* Exercise data *
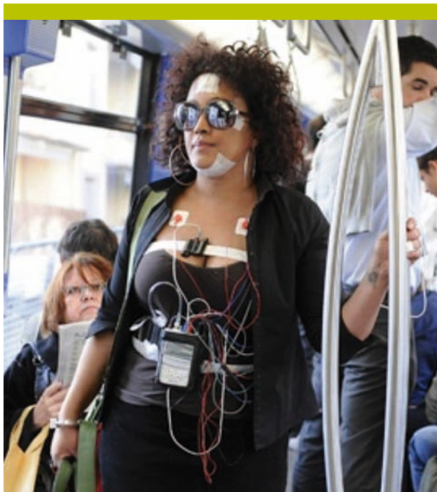
Figure 1. Une participante de l'étude HypnoLaus rentre dormir chez elle après avoir été équipée au centre du sommeil
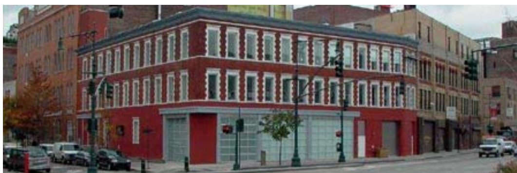
▲ 雀兒喜美術館外觀

雀兒喜美術館 (Chelsea Art Museum, CAM) 座落於雀兒喜區中心的一棟三層樓歷史建築內，該建築建於 1850 年，總面積約為 2800 平方公尺。在整修成為美術館之前，此地曾為碼頭工人住所及聖誕飾品工廠。
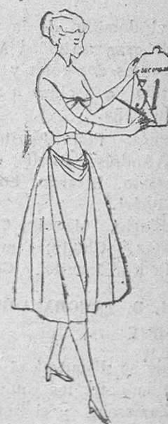
"Jersey" de lana negra y falda recta. El pecho y el delantero de la falda adornado con "taffetas" negro.

VALENCIA, 2.—Ha terminado la Primera Demostración Económica de la región valenciana organizada por la Cámara de Comercio. Han sido visitadas 31 fábricas.

* Task instructions *
Your copy should hold only the lines from the line with "雀兒喜美術館 (Chelsea Art" through the end of the data above, both ends included, transcribed exactly and without pictures.

* Your response *
雀兒喜美術館 (Chelsea Art Museum, CAM) 座落於雀兒喜區中心的一棟三層樓歷史建築內，該建築建於 1850 年，總面積約為 2800 平方公尺。在整修成為美術館之前，此地曾為碼頭工人住所及聖誕飾品工廠。
"Jersey" de lana negra y falda recta. El pecho y el delantero de la falda adornado con "taffetas" negro.

VALENCIA, 2.—Ha terminado la Primera Demostración Económica de la región valenciana organizada por la Cámara de Comercio. Han sido visitadas 31 fábricas.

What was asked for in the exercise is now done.